Le concept, encore au stade expérimental, est simple : il s’agit d’une sphère d’environ 2 mètres de diamètre constituée de 70 tiges de bambou présentant à leur extrémité des disques de plastique blanc biodégradable. Suffisamment légère pour être poussée par la seule force du vent, elle est aussi suffisamment lourde et résistante pour absorber le choc d’au moins trois explosions. La sphère est par ailleurs dotée d’un capteur qui permet de la localiser en permanence par GPS et d’enregistrer ainsi les chemins les plus sûrs.

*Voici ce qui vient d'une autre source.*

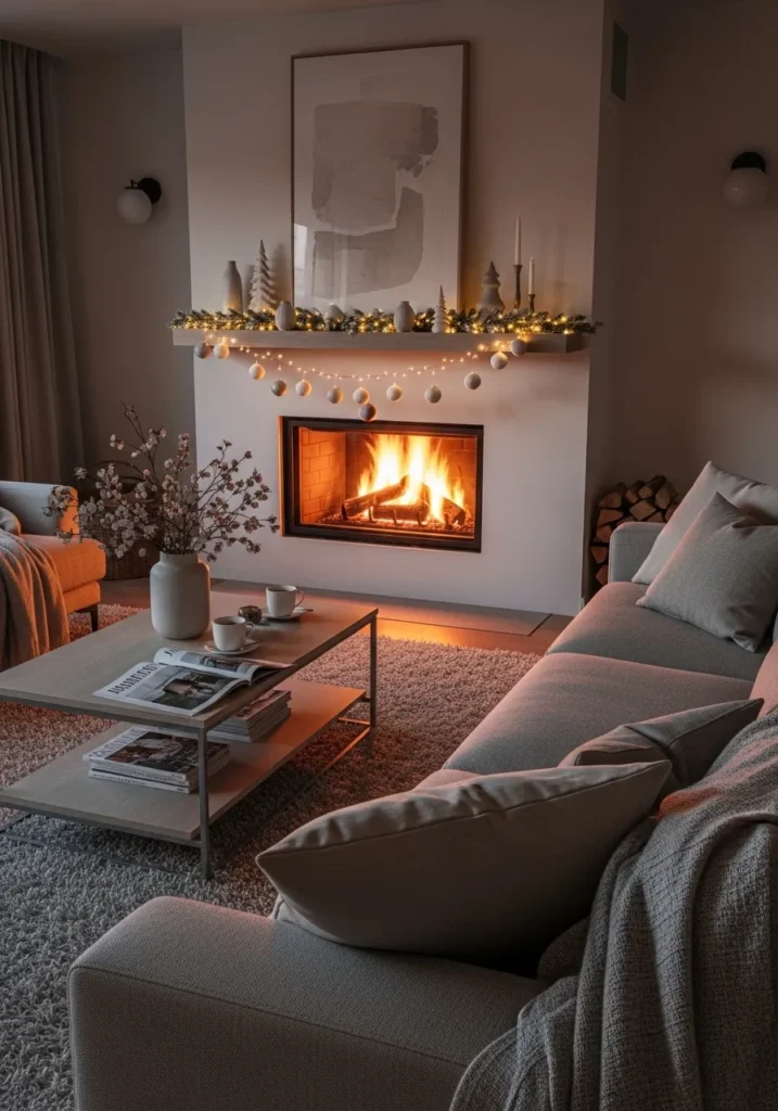 This living room feels like the very definition of cozy elegance. A modern fireplace takes center stage, wrapped in soft neutral tones and framed by a minimalist mantel adorned with tiny trees, candles, and a garland of warm fairy lights. The glow from the fire flickers gently across plush textures—a thick woven rug, layered throws, and a low coffee table with stacks of magazines waiting for quiet moments. The entire space whispers calm, comfort, and that perfect balance between modern minimalism and Christmas magic.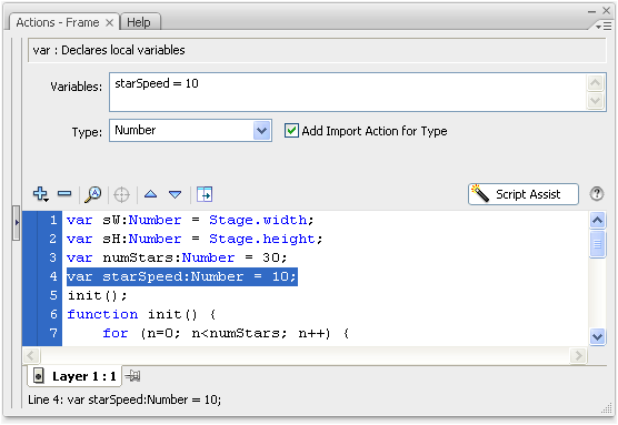 Well, if we are going to reference a variable called starSpeed, we better define it! Return to the top of the script, where we have already declared a few variables, and set starSpeed = 10 using var:

Le prototype a déjà passé des tests concluants aux Pays-Bas, où vit désormais Massoud Hassani, qui prévoit d’expérimenter son invention dans son pays natal durant l’été 2013. Pour financer son projet, il compte lever 100 000 livres sterling (un peu plus de 120 000 euros) d’ici la fin janvier via son site Internet. Avec l'aide de partenaires financiers, il espère ensuite pouvoir passer à une production industrielle de ce démineur qui ne coûte à la fabrication que 40 euros pièce.

 
 
Jouets d'enfance
 
C’est en classe de design que Massoud Hassani a eu cette idée, lorsqu’un professeur de la Design Academy de Eindhoven, aux Pays-Bas, lui a demandé de faire les plans de l’un de ses jouets d’enfance. Originaire de Kasaba, au nord-est de l’Afghanistan, il s'est revu alors courir derrière des balles fabriquées maison. "Quand j’étais petit, on apprenait à construire nos propres jouets. Mes préférés étaient les petits objets qui roulaient, poussés par le vent. Tous les gamins faisaient des courses dans le quartier, très venteux avec les montagnes environnantes", raconte Massoud Hassani sur son site.
 
"Mais souvent, nos jouets roulaient trop loin et trop vite. Et la plupart du temps, ils atterrissaient dans des coins où on ne pouvait pas les récupérer à cause des mines terrestres", poursuit-il. Vingt ans après, Massoud Hassani, qui a quitté l’Afghanistan quand il avait 14 ans, a redessiné ses jouets, en vingt fois plus grands et plus solides, et obtenu grâce à cela son diplôme en 2011.
 
Au moins 10 millions de mines terrestres
 
L’utilisation de mines et munitions durant une décennie de conflit avec la Russie a fait de l’Afghanistan l’un des pays les plus minés au monde. "L’Afghanistan aurait environ 10 millions de mines terrestres, mais en vérité, il y en a bien plus", estime Massoud Hassani. Entre 1999 et 2008, le nombre de victimes (12 069) en Afghanistan restait  le plus élevé au monde, selon le rapport de l’Observatoire des mines pour 2009. En 2011, 812 Afghans, pour la moitié des enfants, ont été ainsi tués, selon Handicap International.
 
Depuis la fin de l’occupation soviétique en 1989, de vastes opérations de déminage tentent cependant de débarrasser le pays de ses mines. Pas moins de 650 000 mines antipersonnel et 15 millions d’engins explosifs en tout genre ont été collectés, selon le Centre d’action contre les mines en Afghanistan (Macca).
 
Le gouvernement afghan, signataire de la Convention d’Ottawa (convention sur l’interdiction des mines antipersonnel), affirme qu’il ne possède plus de stocks et espère détruire toutes les mines d’ici à la fin de l’année 2013. Mais certaines accusations laissent à penser que les insurgés taliban continuent d’en poser pour nuire aux forces gouvernementales et aux troupes étrangères. Massoud Hassani espère donc "éveiller l’attention internationale, car rappelle-t-il, chaque mine détruite sauve une vie".